▸ **Source data**:

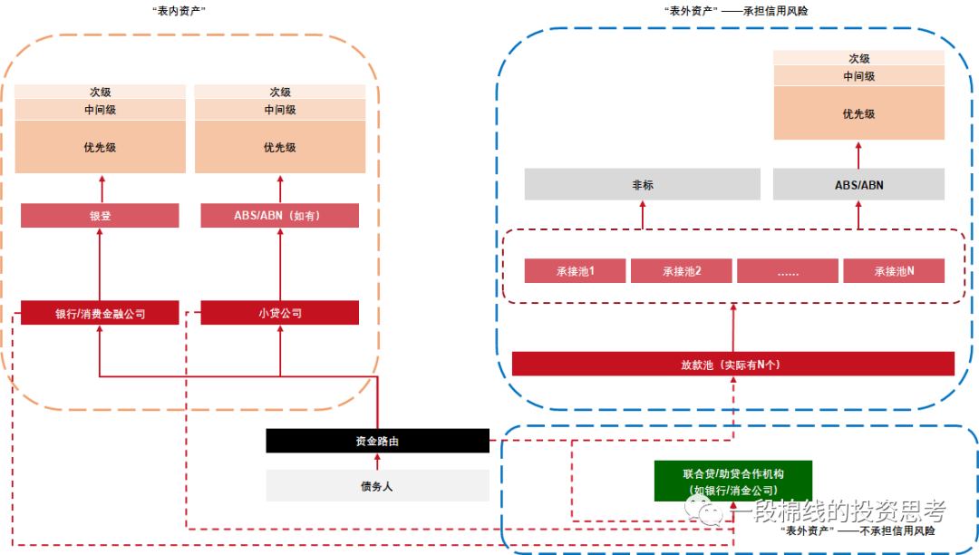 1)零售信貸行業(yè)完整的“資產(chǎn)負(fù)債表”應(yīng)該囊括所有實(shí)際承擔(dān)信用風(fēng)險、賺取超額收益的資產(chǎn)及負(fù)債(應(yīng)并入實(shí)際抽走超額收益并隱含承擔(dān)還款義務(wù)的金融產(chǎn)品);
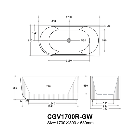 Capri Fluted Corner Freestanding Bathtub 1500/1700mm CBAT1500L/R-GW/MW/MB/CBAT1700L/R-GW/MW/MB
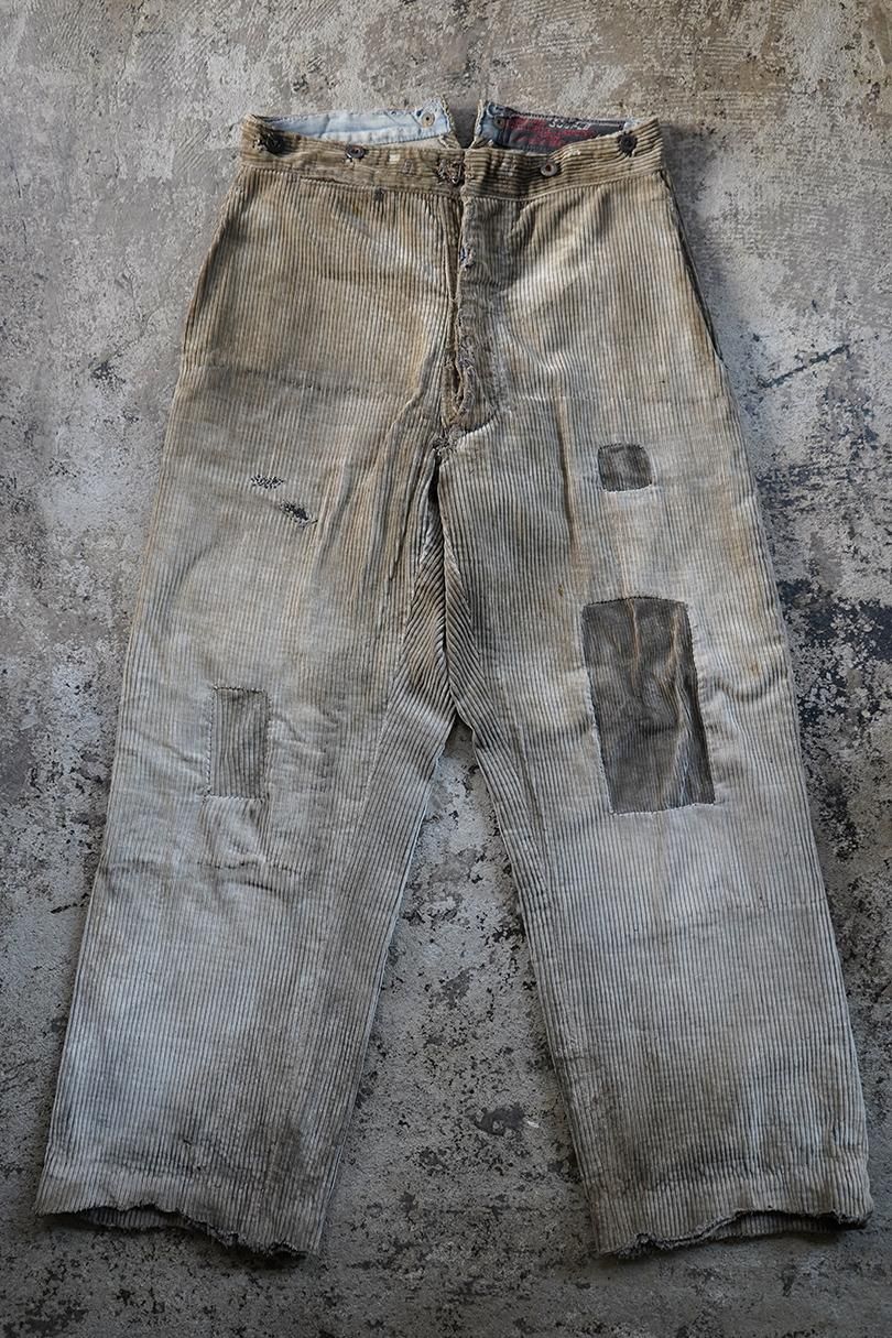 1940年代頃までにつくられたコーデュロイのワークパンツ。リヨンの老舗ワークウエア・メーカー"Adolphe Lafont"のもの。褪色してベージュになったコーデュロイ。所々、布を接いだ直しがされています。手縫いの直し痕も見られます。裾部分は削れて擦り切れています。フロントはボタンフライ、ウエストラインにサスペンダー用ボタン、バックシンチ。擦れや穴、ボタンなど金具に錆、シミがある等、使用感がありますが、着用に問題ない程度です。
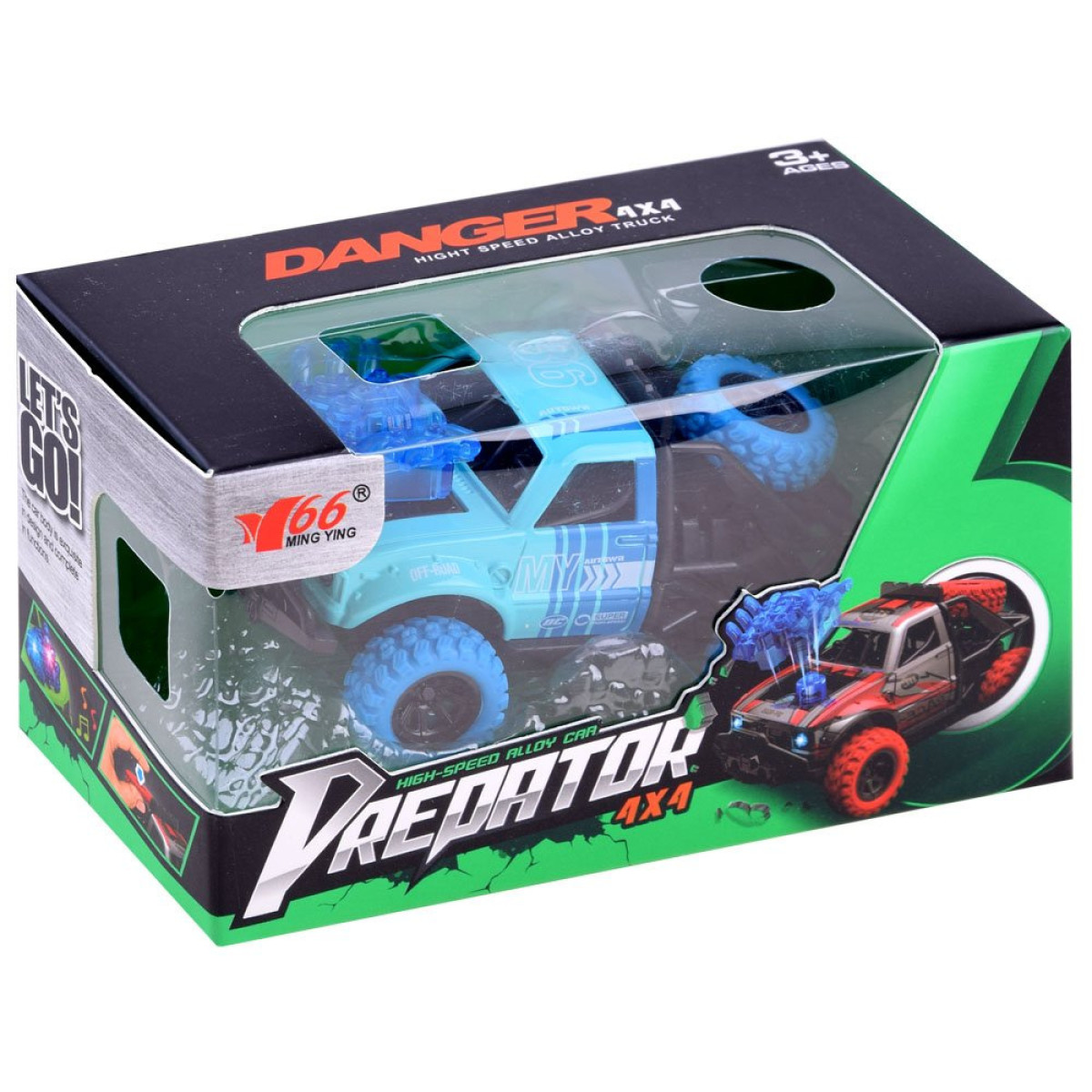 Predator on 4x4 metallist sõiduk vedrumehhanismiga, mis mitte ainult ei sõida, vaid pakub ka hämmastavaid heli- ja valgusefekte! Lihtsalt tõmba autot tagasi, lase lahti ja vaata, kuidas see kokkupõrkesse suundub – põrku takistustesse või teistesse autodesse ja näe, kuidas mootor välja lendab! Tulemus? Spektaaklid nagu märulifilmides!
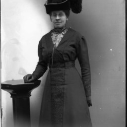 Unidentified older woman in pince-nez glasses is wearing a feathered hat and gloves. She is standing by a studio prop.

▸ **Exercise aim**: Please reproduce the listing exactly, leaving out any pictures.

▸ **Output for this exercise**:
 1)零售信貸行業(yè)完整的“資產(chǎn)負(fù)債表”應(yīng)該囊括所有實(shí)際承擔(dān)信用風(fēng)險、賺取超額收益的資產(chǎn)及負(fù)債(應(yīng)并入實(shí)際抽走超額收益并隱含承擔(dān)還款義務(wù)的金融產(chǎn)品);
 Capri Fluted Corner Freestanding Bathtub 1500/1700mm CBAT1500L/R-GW/MW/MB/CBAT1700L/R-GW/MW/MB
 1940年代頃までにつくられたコーデュロイのワークパンツ。リヨンの老舗ワークウエア・メーカー"Adolphe Lafont"のもの。褪色してベージュになったコーデュロイ。所々、布を接いだ直しがされています。手縫いの直し痕も見られます。裾部分は削れて擦り切れています。フロントはボタンフライ、ウエストラインにサスペンダー用ボタン、バックシンチ。擦れや穴、ボタンなど金具に錆、シミがある等、使用感がありますが、着用に問題ない程度です。
 Predator on 4x4 metallist sõiduk vedrumehhanismiga, mis mitte ainult ei sõida, vaid pakub ka hämmastavaid heli- ja valgusefekte! Lihtsalt tõmba autot tagasi, lase lahti ja vaata, kuidas see kokkupõrkesse suundub – põrku takistustesse või teistesse autodesse ja näe, kuidas mootor välja lendab! Tulemus? Spektaaklid nagu märulifilmides!
 Unidentified older woman in pince-nez glasses is wearing a feathered hat and gloves. She is standing by a studio prop.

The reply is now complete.